7 - Building your dataset

This content is also available at learn.palantir.com ↗ and is presented here for accessibility purposes.

📖 Task Introduction

Once you’ve developed, previewed, and committed your code and CI checks are passing without error, you’re able to initiate a dataset build that will generate the output dataset on your branch. Because Foundry datasets, like repositories, exist on branches, you can have different versions of the data that reflect the underlying code on that branch. As mentioned in the product documentation, you should use uniform branch names across all stages of your pipeline to ensure downstream branches read from the correct upstream branch.

Take a moment to review this documentation page on repositories, datasets, and fallback branches to learn how branch names impact upstream and downstream data transformations.

🔨 Task Instructions

  1. From the code editor of your code repository, select the Build in the top right of the screen.

    Depending on the state of your repository, kicking off a build may trigger a new CI check. If it does, wait a few moments for it to complete. If you want to monitor the check process, you can click the View details link in the Build helper window at the bottom of your screen and then return to the Code tab when desired.

  2. Once the dataset build begins, you can view the progress bar in the Build helper window. For additional info on the build process—including Spark behavior—ctrl+select the View build button in the helper window to monitor the build in the Job Tracker application.
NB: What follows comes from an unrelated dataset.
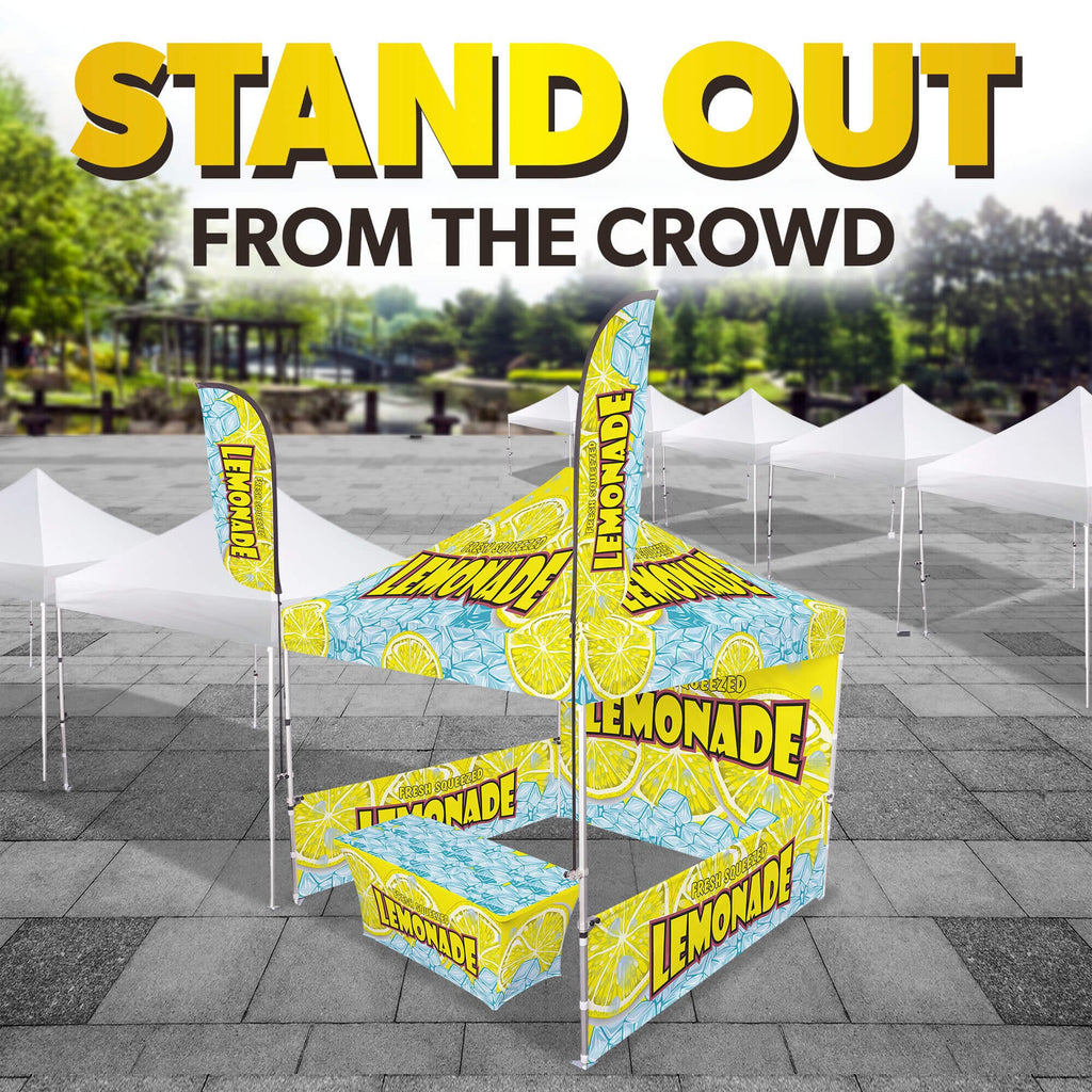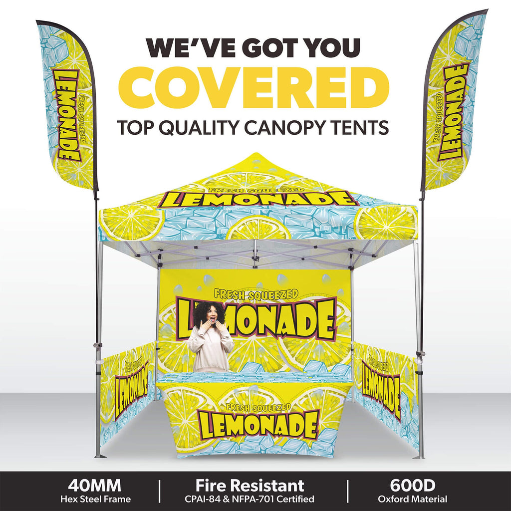 Make your brand stand out with the Custom Canopy Tent Package featuring a Full Back Wall, Two Half Side Walls with Mounting Hardware, 6ft Stretch Table Cover, and 5ft Custom Feather Flags Mounted to the Tent from LookOurWay—an all-in-one solution designed for maximum visibility, professional presentation, and versatile coverage. This package includes a fully customizable canopy top, a full custom back wall, and two half side walls with mounting hardware, all crafted from durable, water-resistant PU-coated 600D Oxford material and printed in vibrant full color using advanced dye sublimation (CMYK + PMS) for bold, eye-catching graphics. The canopy, back wall, and side walls are fire resistant (CPAI-84 & NFPA-701 certified) and supported by a commercial-grade steel frame with 40mm HEX legs, providing superior strength and stability for both indoor and outdoor events. Instead of full sidewalls, the package includes a custom 6ft stretch table cover designed to perfectly fit standard folding tables while showcasing your logo or branding in full color. To enhance brand exposure even further, it also includes a set of 5ft custom feather flags, professionally printed and securely mounted to the tent frame for high-impact visibility. A nylon carry bag is provided for easy transport. Perfect for trade shows, farmers markets, and promotional events, this tent package includes free professional design services to help bring your vision to life.

We’ll return to the Job Tracker in future tutorials.

  3. When the build has successfully finished, you can access the output dataset in a number of ways. Ctrl+click on the output path on line 6 of your code to open the dataset in a new tab. If this isn’t working of you, refresh your browser; all transform outputs that have been successfully built are hyperlinked to their location in Foundry from the code editor.

    The dataset will open on your branch in the dataset application.
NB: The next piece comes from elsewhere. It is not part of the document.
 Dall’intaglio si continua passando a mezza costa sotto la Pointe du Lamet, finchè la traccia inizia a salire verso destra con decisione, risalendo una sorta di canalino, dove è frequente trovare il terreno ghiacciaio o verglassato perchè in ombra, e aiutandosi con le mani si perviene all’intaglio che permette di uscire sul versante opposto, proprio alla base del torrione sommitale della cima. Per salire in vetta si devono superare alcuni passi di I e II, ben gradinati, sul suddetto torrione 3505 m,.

  4. Return to your code repository.

  5. Your repository uses a resource called the Shrinkwrap to map input/output paths to actual dataset resource IDs (RID). This enables you to move your input/output files around in Foundry without confusing your transform (which currently only lists the file paths.

    Between lines 4 and 5 in your code editor, click the hyperlinked text: “Replace paths with RIDs.” This will ensure your input and output values unequivocally indicate the precise dataset they’re referring to (rather than to a potentially stale file path).

  6. This change to your code must be committed to the branch. Click the Commit button and enter a short, meaningful commit message ↗, such as "refactor: replace paths with RIDs."